I work on systems where AI personas debate structured questions, predictions are validated against real outcomes, and personal data stays under user control.

Perspectives

Multi-agent forecasting and decision analysis.

Decisions under uncertainty benefit from structured analysis that surfaces competing considerations. Perspectives runs eight AI personas through a multi-phase debate: blind proposals, interrogation, discussion, and ranked-choice voting. The output is a single PDF report.

Predictions are tracked against real outcomes and prediction market data. This feedback loop identifies which analytical approaches are well-calibrated and adjusts their influence in future analyses.

getperspectives.app

Universal Automation Wiki

World model infrastructure.

Predictions and analysis benefit from structured representations of how systems work. The Universal Automation Wiki models processes at every scale, from individual daily routines to company operations to government policy.

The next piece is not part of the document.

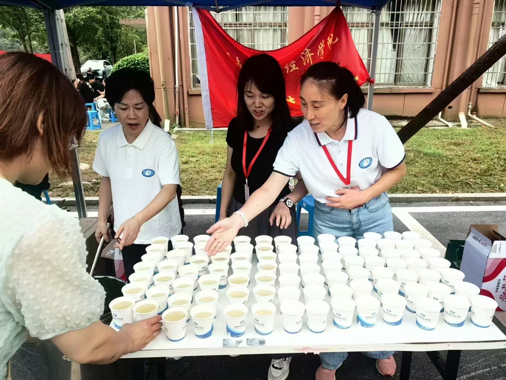 党员先锋队队员们为家长和新生准备的一杯杯解暑凉茶

Open source, intended as shared infrastructure.

universalautomation.wiki

Dossier

Privacy-first personal context for AI interactions.

AI interactions improve with personal context (goals, preferences, risk tolerance, topic boundaries), but that context should stay under user control. Dossier stores everything locally. Inferences are generated during sessions and discarded unless the user confirms them.

Open source, to make the architecture verifiable.

Coming Soon

The three projects address different layers of context for AI-assisted analysis. The Universal Automation Wiki provides structured representations of how systems work. Perspectives analyses what might happen within those systems through multi-agent debate. Dossier provides the personal context that determines what matters to the person asking.

The long-term direction is an ecosystem where predictions draw on structured world models, are stress-tested through forced debate, and are contextualised to the individual. Each project is useful independently. The connections between them make the analysis more grounded.

Three layers of context
Universal Automation Wiki
How systems work. Processes and structures at every scale.
Perspectives
What might happen. Analysis and prediction through structured debate.
Dossier
Who is asking. Personal context, owned and controlled by the user.
Structured disagreement

The debate architecture forces AI personas to challenge each other's reasoning through blind proposals and structured interrogation. Analysis from systems designed to disagree tends to surface considerations that a single model would not.

Validated against reality

Predictions are tracked against outcomes and prediction market data. This feedback identifies which analytical approaches are well-calibrated and which consistently over- or under-estimate.

User-controlled data

Personal context makes AI more useful. The trade-off should be explicit. Dossier uses local-first architecture with consent-driven sharing and ephemeral inference by default.

Open and transparent

Personal identity systems and world model infrastructure are open source to allow verification and collaboration. The decision-making engine is proprietary.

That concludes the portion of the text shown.